**AIM OF THE TASK:** Both the line with "This plane is" and the line with "Pinssi, Hot Leathers, Wolf" in the records below must appear in the output, along with every line between them, exactly and with nothing added.

━━━ RECORDED INFORMATION

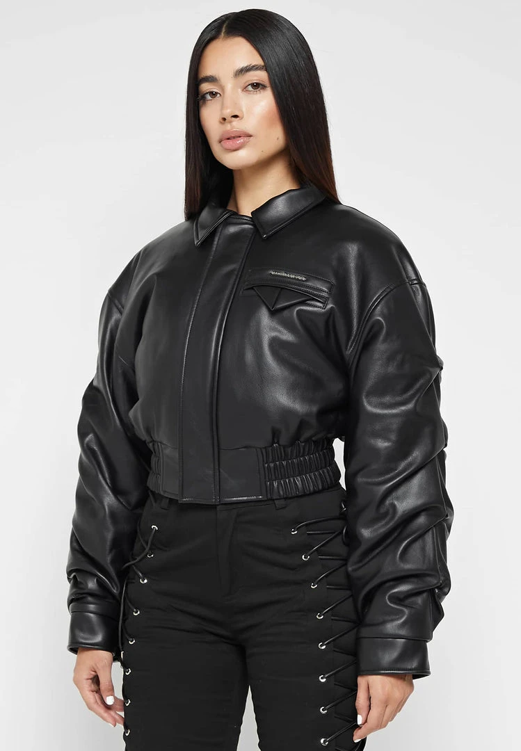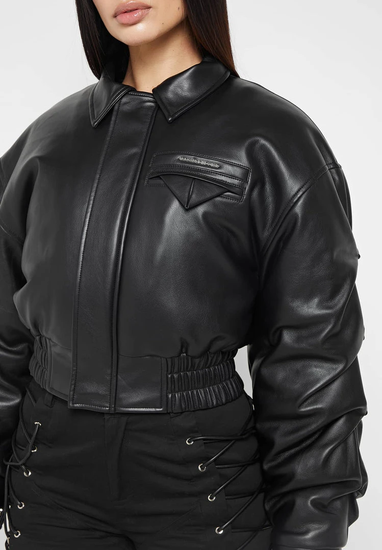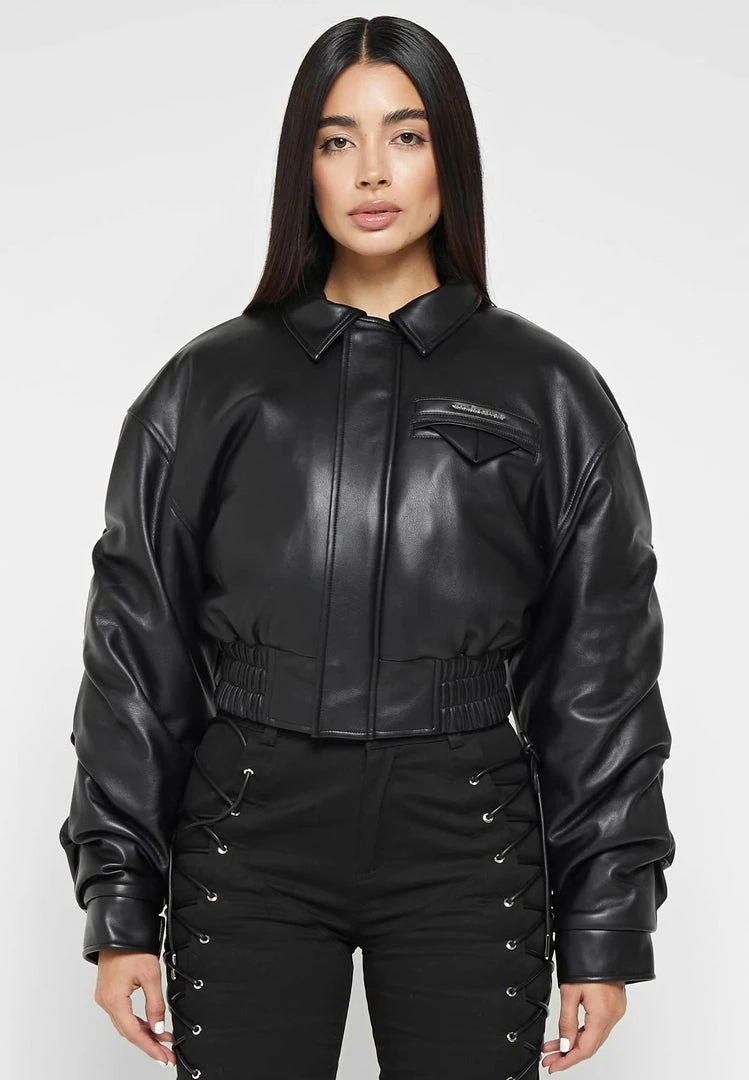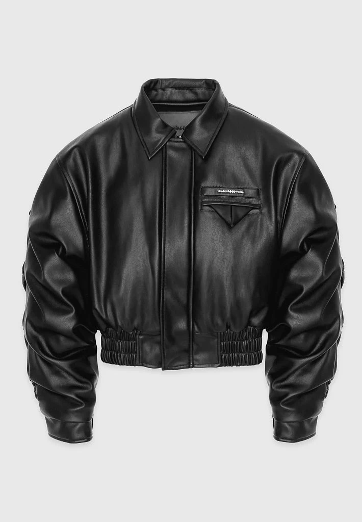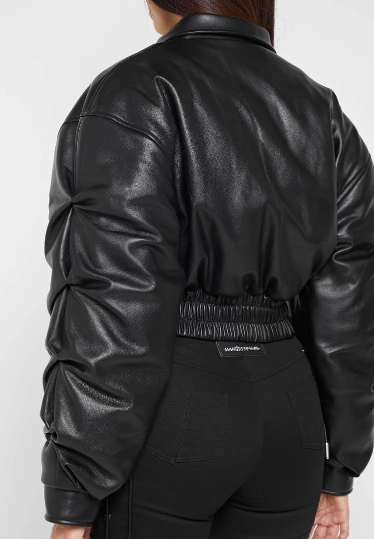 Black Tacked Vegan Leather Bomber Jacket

━━━━━━
━━━ RECORDED INFORMATION

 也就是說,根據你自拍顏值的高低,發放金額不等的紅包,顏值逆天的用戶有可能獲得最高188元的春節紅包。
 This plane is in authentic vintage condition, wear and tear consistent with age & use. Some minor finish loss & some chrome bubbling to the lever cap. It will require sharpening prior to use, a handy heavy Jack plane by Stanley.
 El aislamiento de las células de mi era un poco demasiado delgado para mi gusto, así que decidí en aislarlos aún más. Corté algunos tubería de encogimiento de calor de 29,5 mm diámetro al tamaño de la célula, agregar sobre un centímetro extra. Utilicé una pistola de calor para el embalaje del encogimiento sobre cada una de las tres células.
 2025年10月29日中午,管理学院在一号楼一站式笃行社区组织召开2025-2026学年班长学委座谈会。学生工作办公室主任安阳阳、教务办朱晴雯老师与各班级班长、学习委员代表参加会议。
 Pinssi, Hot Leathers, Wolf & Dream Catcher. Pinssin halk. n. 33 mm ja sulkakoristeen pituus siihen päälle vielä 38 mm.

━━━━━━

**RESULT:**
 This plane is in authentic vintage condition, wear and tear consistent with age & use. Some minor finish loss & some chrome bubbling to the lever cap. It will require sharpening prior to use, a handy heavy Jack plane by Stanley.
 El aislamiento de las células de mi era un poco demasiado delgado para mi gusto, así que decidí en aislarlos aún más. Corté algunos tubería de encogimiento de calor de 29,5 mm diámetro al tamaño de la célula, agregar sobre un centímetro extra. Utilicé una pistola de calor para el embalaje del encogimiento sobre cada una de las tres células.
 2025年10月29日中午,管理学院在一号楼一站式笃行社区组织召开2025-2026学年班长学委座谈会。学生工作办公室主任安阳阳、教务办朱晴雯老师与各班级班长、学习委员代表参加会议。
 Pinssi, Hot Leathers, Wolf & Dream Catcher. Pinssin halk. n. 33 mm ja sulkakoristeen pituus siihen päälle vielä 38 mm.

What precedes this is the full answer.